Quanto peserà questa riforma nella vita della comunità turca in Germania?

Molto a livello formale, poco a livello pratico. Ma anche la parte formale è importante nella vita delle persone, soprattutto tra quelle che hanno paura che alla lunga la loro cultura rischi di scomparire. Io mi sento un tedesco e quando dovetti scegliere, scelsi la Germania, ma se avessi potuto avrei mantenuto anche la cittadinanza turca.

Da Solino a La sposa turca: l’immigrazione, non solo turca, ma anche italiana, è stata spesso uno dei temi portanti della sua filmografia. Pensa che la Germania si stia muovendo bene affinché l’integrazione degli stranieri sul suo suolo avvenga naturalmente senza provocare scontri o disagi?

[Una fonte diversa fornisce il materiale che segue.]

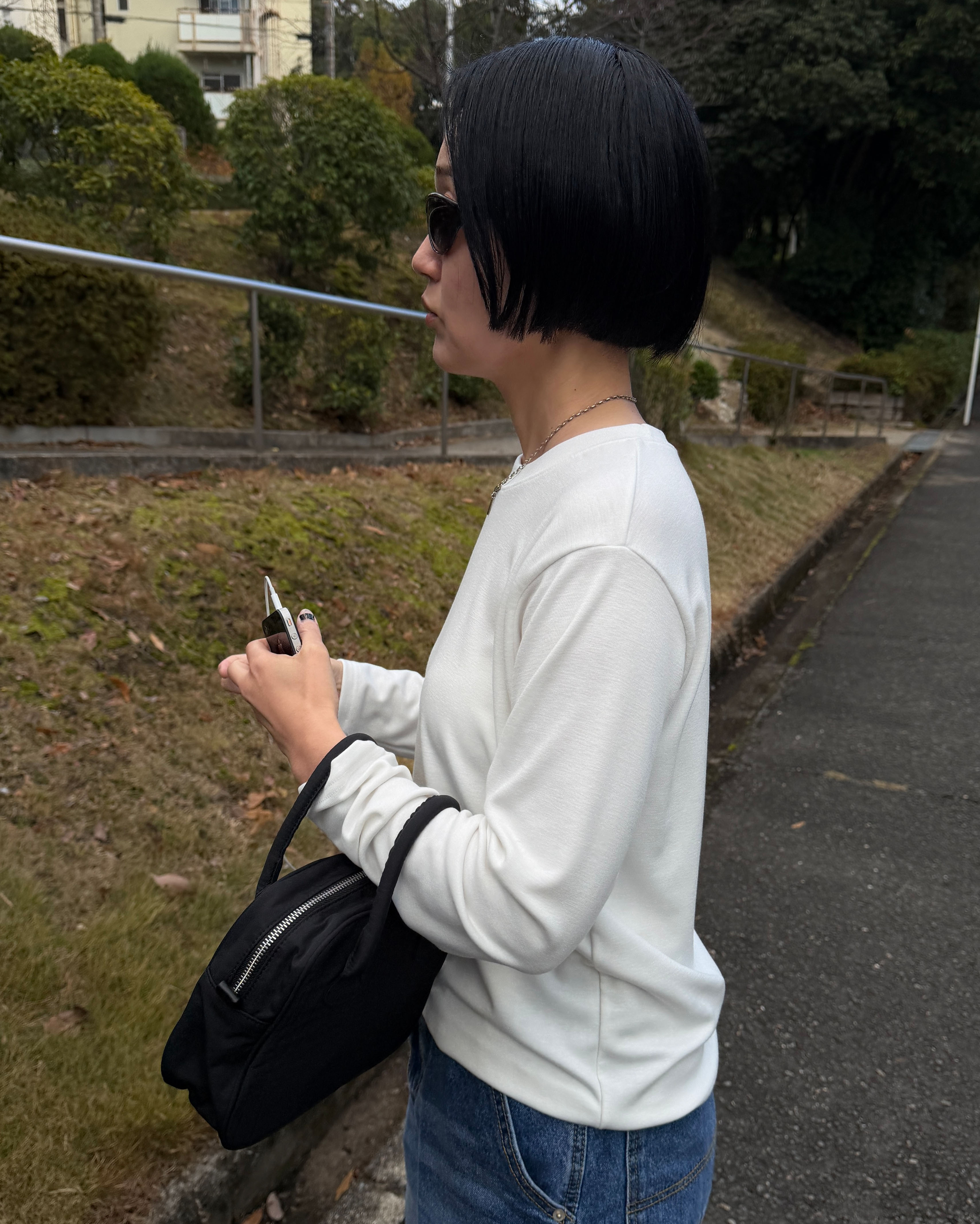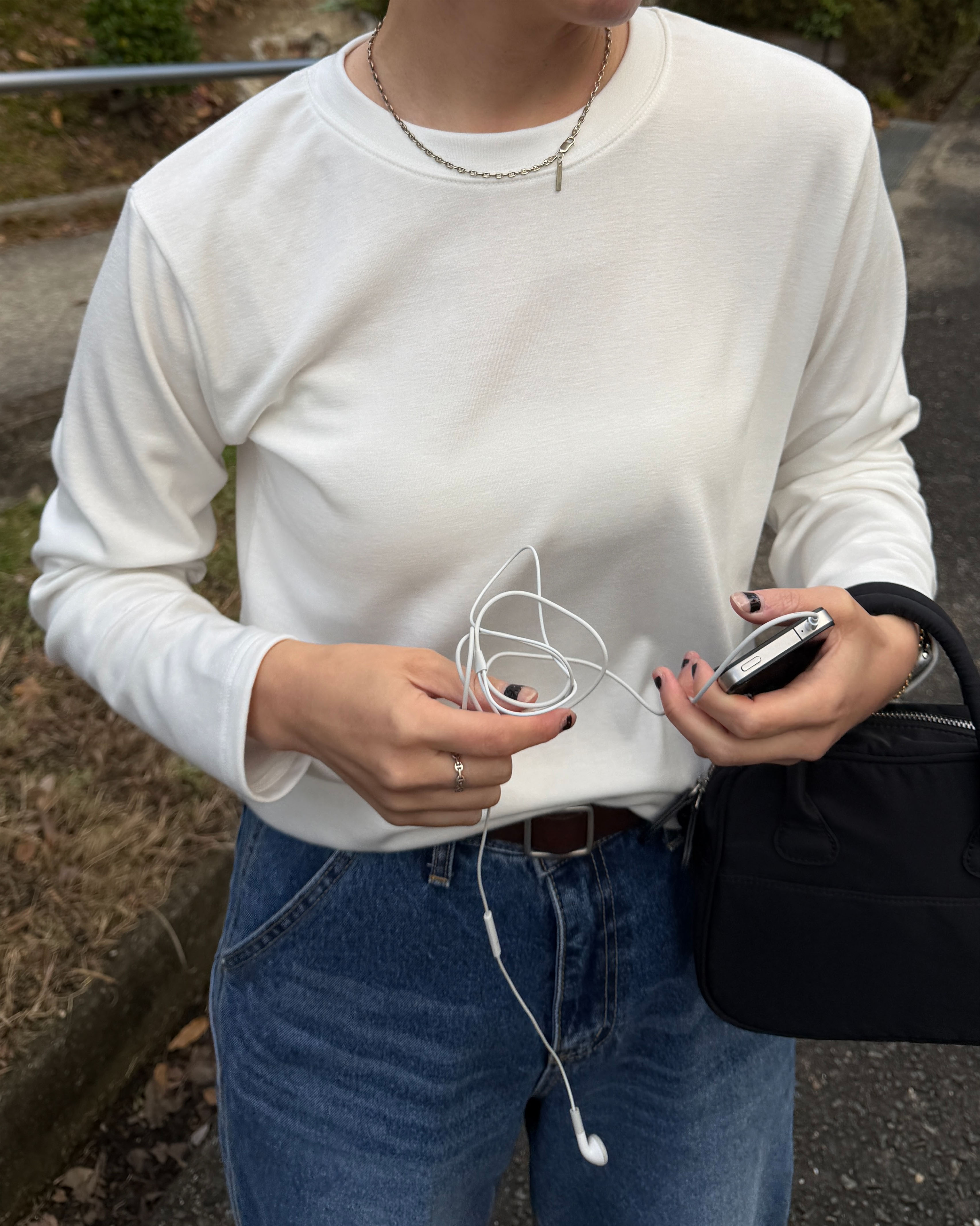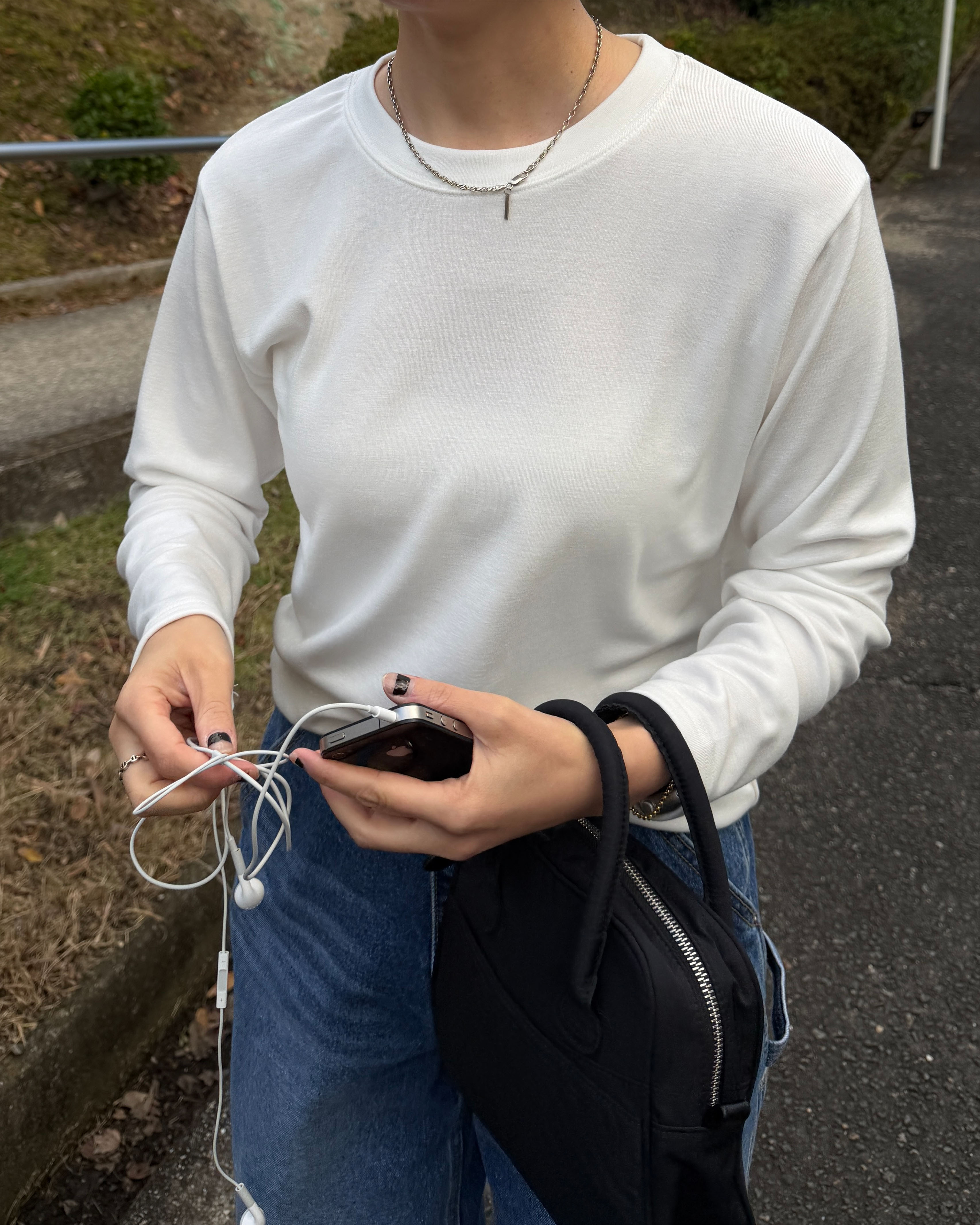 シンプル裏起毛ラウンドネックロンT

Ci sta provando, potrebbe comunque fare di più, ma non è facile giudicare o indicare una soluzione. La mia speranza in futuro è che non siano più le frontiere o la burocrazia a delimitare e identificare i popoli, ma solo la decisione di ogni individuo di sentirsi parte o non parte di un popolo e di una nazione. Dopotutto quando si parla di globalizzazione, si parla proprio di questo. Più passino gli anni più è difficile indovinare la nazionalità di una persona dai propri tratti somatici. Si viaggia e ci si mischia sempre di più, e più questo accade, più si abbattono confini e pregiudizi. Forse non sopravviverò abbastanza da vedere tutto questo realizzarsi fino in fondo, forse non ci riuscirà neanche la generazione dopo la mia, ma penso che si stia andando verso questa direzione, al massimo si può rallentare questo fenomeno, ma non fermare. In Germania come altrove.

Anche nel film che ha appena finito di girare, The Cut, si parla di un giovane turco in viaggio per il mondo…

Sì, l’ho girato in Canada, Stati Uniti, Cuba Turchia e Germania. E’ vero, si parla di un immigrato, un turco a cui manca la parola, ma è comunque un film di genere, un western o almeno è così nella mia testa, ma so bene che molti di quelli che lo vedranno ci leggeranno dei significati politici. Purtroppo essendo figlio di immigrati, qualsiasi cosa che faccio viene collegata alle mie origini, mentre io vorrei solo essere considerato per quel che racconto, e basta.